Information Extraction, Named Entity Recognition (NER)

Example Data

The goal of NER is to assign a categorical label to each token (or word) in a sentence. The data format consists of a sentence and a corresponding sequence of labels.

A common labeling format is the IOB2 scheme:

B-TYPE: The Beginning of an entity of a certain TYPE (e.g., B-PER for Person).
I-TYPE: Inside an entity of a certain TYPE. Used for entities that span multiple tokens.
O: Outside of any entity.
Input Text: "Barack Obama was born in Hawaii."
Tokenized Input: ["Barack", "Obama", "was", "born", "in", "Hawaii", "."]
Target Labels: [B-PER, I-PER, O, O, O, B-LOC, O]

Use Case Scenario

The goal is to identify and pull out structured data (entities like people, organizations, dates, etc.) from unstructured, plain text.

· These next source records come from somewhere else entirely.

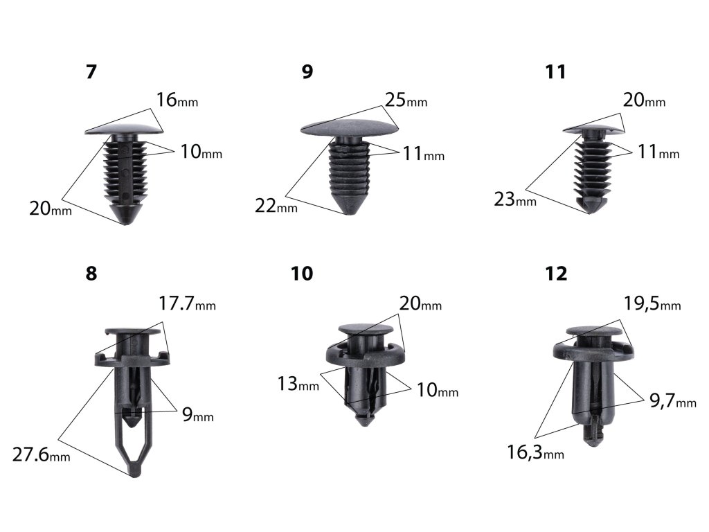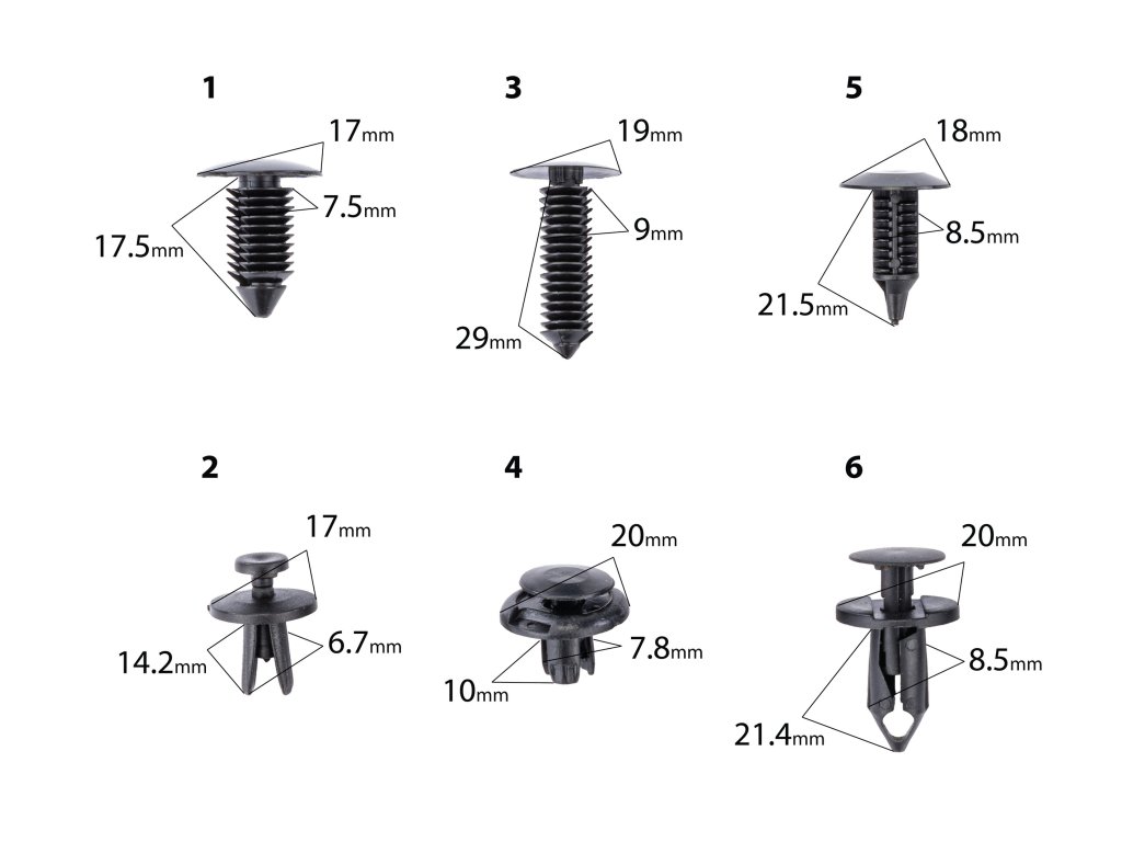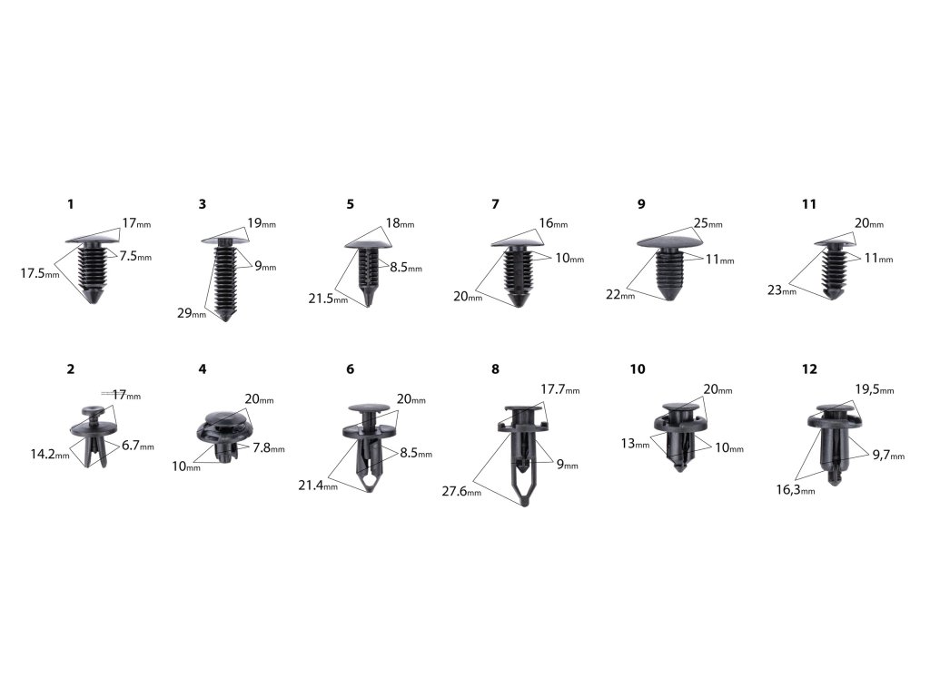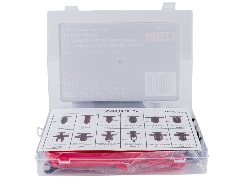 - 240 elementov v različnih velikostih in oblikah, primernih za večino modelov avtomobilov.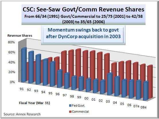 or $1.42 per share, from For the full year, revenues were $14.9 billion, up 1.5% (down less than 0.5% in constant currency) over last year’s comparable 12-month period. This makes CSC the sixth largest IT services company in the world [not fifth (!), as the U.S.-focused media tend to report - see the right thumbnail for actual global rankings]. Business Segment Analysis U.S. government sector revenues increased 5% to $1.43 billion in the fourth quarter, up from $1.37 billion in fiscal 2006. The Pentagon-related business was $978 million, up over 6% from the year-ago total, while revenues from civil agencies were $415.1 million, down slightly compared to last year. Fourth quarter global commercial revenue was $2.61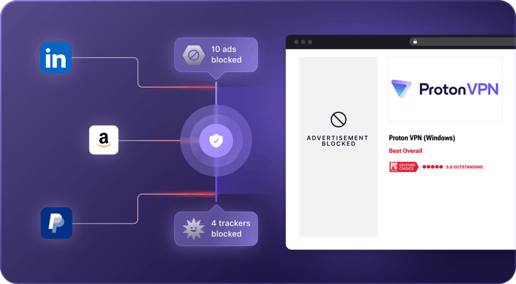 Proton VPN NetShield reklam engelleyicisi reklamları, etkinlik izleyicileri ve kötü amaçlı yazılımları yüklenmeden önce engellemek için DNS süzmeyi kullanır. Böylece aygıtınızı güvende tutar ve gezinmenizi hızlandırabilir.

An HR system processing a resume:
- Input: "Worked as a software engineer at Google from 2019 to 2022."
- System Extracts: {"Job Title": "software engineer", "Organization": "Google", "Start Date": "2019", "End Date": "2022"}
News analysis: Scanning thousands of articles to identify which companies are mentioned in relation to which locations.
Medical records: Automatically extracting patient names, prescribed medications, and diagnoses from a doctor’s notes.
How It Works: A Mini-Tutorial (Encoder-Only)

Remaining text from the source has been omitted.